23 Mar 2020

Doctors hit the phones as patients stay away from clinics

5:49 pm on 23 March 2020

Doctors have been on the phone to thousands of patients since this morning in a radical move away from face-to-face consultations.

A sign in a pharmacy about coronavirus

A sign in a pharmacy. Photo: RNZ/ Rob Dixon

One Auckland medical centre has done away with its waiting room altogether to combat Covid-19.

The five GPs at Westmere Medical Centre in central Auckland usually see 60-70 patients between them; today that dropped by 90 percent.

Dr John Cameron said it had been "fascinating" witnessing patients adapt so well.

"We've basically locked the practice down to people wandering in - we don't have a waiting room anymore.

"That must be a first for general practice in Auckland, not to have a waiting room. But it seems to be working really well."

Triaging over the phone was actually saving time, taking about 10 minutes for each patient, compared with a usual 15 face-to-face.

"They're very aware of the time they're spending on the telephone, whereas if they're sitting next to us, they're not quite so aware.

"All morning I've had people saying, 'I'm sorry, I don't want to take up your time. Here's my problem. How can we solve it?'"

The National Hauora Coalition, which covers 235,000 patients at 52 general practices from Auckland to Whanganui, said the country going into a full lockdown would not fundamentally change what they were doing.

Clinical director Dr Rawiri McKree Jansen said they now had a small window of opportunity to prepare.

"It creates a small window of opportunity to do everything we can to prepare... most of the infrastructure is what it is, and we just need to work it really, really well."

The fact that 85 percent of their Māori households had smartphones was helping alot with done phone consultations, he said.

Samantha Murton, whose practice is in Te Aro, Wellington, said the phones had "gone completely mad" but patients were happy at a move they perceived as keeping them safer.

"If patients could be patient, that would be really great."

Her practice was staggering the day to cut down on patient-to-patient contact and reduce the duplicate use of protective gear for staff.

"We are doing as many flu vaccines as we can in the morning. We've got a time in the afternoon where we're going to be doing in-person consultations for the time that we have got the gear on.

"Then late in the afternoons, we're going to do any swabbing that we need to do," said Dr Murton, who is also President of The Royal New Zealand College of General Practitioners.
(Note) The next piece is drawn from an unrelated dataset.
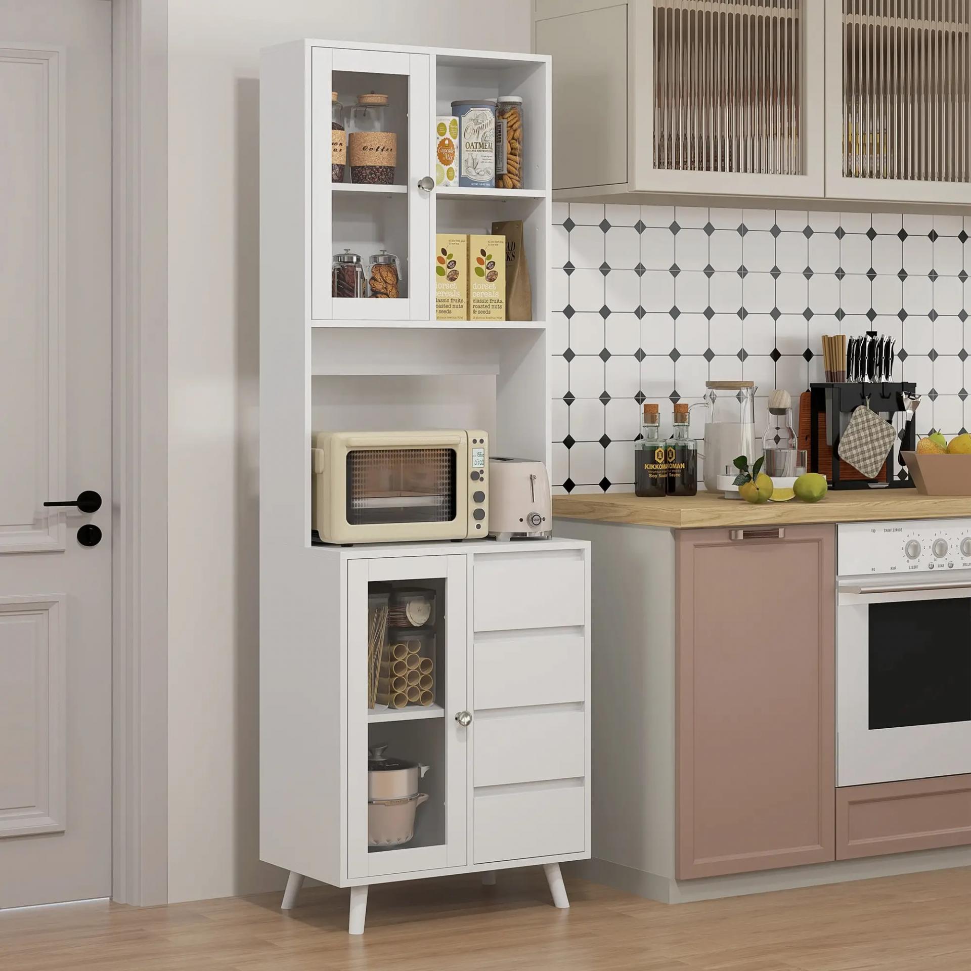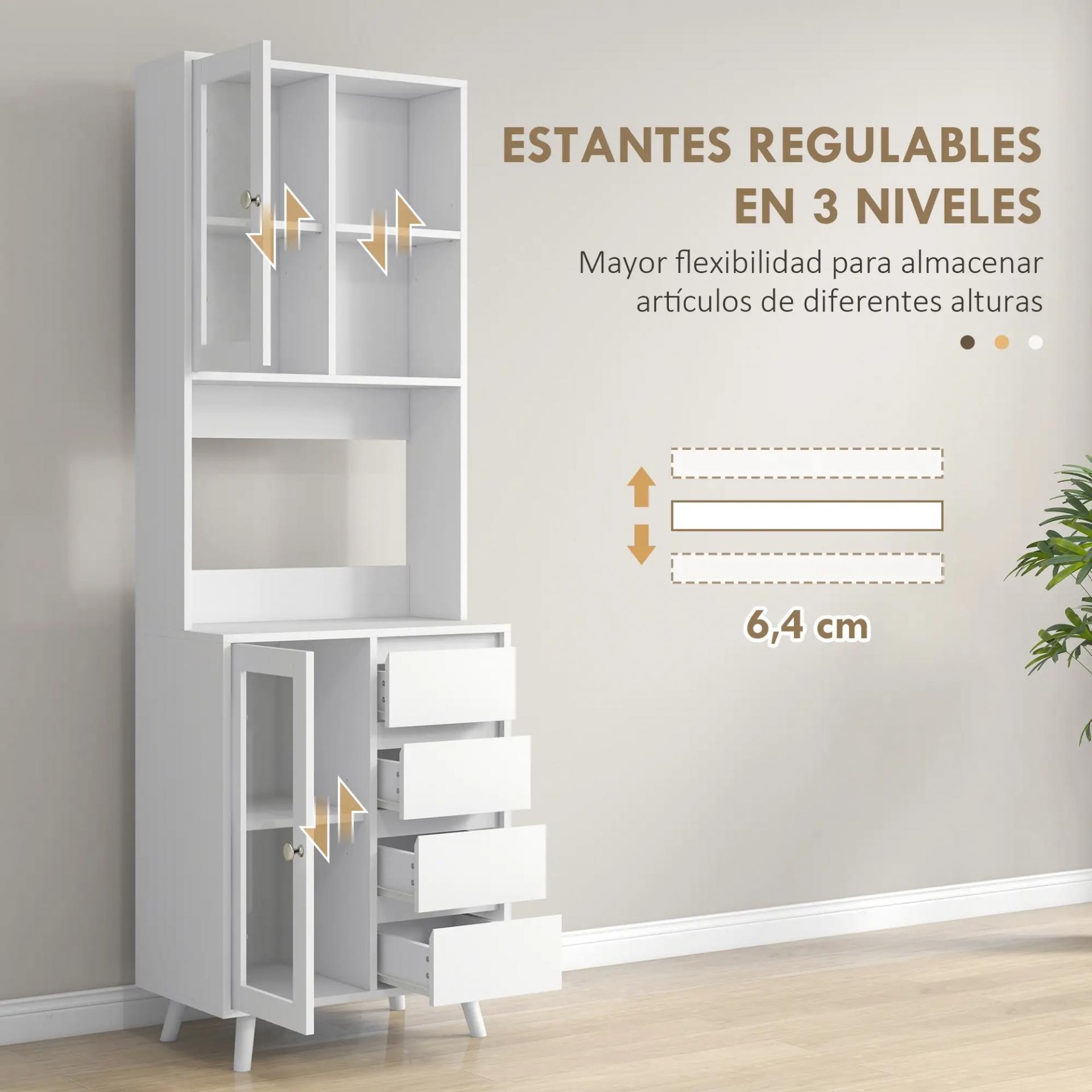 - PUERTAS DE CRISTAL: Exhibe tu vajilla más elegante, tus utensilios de cocina o cualquier objeto decorativo en los armarios con puerta de vidrio de este mueble auxiliar de cocina alto. Gracias al vidrio templado de las puertas podrás añadir un toque atractivo a tu cocina, además de facilitar la localización de cada artículo

Doctors were hopeful of meeting a target of doing 70 percent of consultations remotely.

But Ben Hudson of a three GP practice in Lyttelton stressed that some people must still be seen, such as someone with acute abdominal pain or respiratory difficulties.

"There's quite a few things it would be difficult to manage without seeing someone," Dr Hudson said.

The Medical Association said it was also about keeping doctors and nurses safe, and for that the Health Ministry must continue to make personal protective equipment and swabs available to general practices on the front line.

The Health Ministry said at hospitals many outpatient consultations could be done over the phone.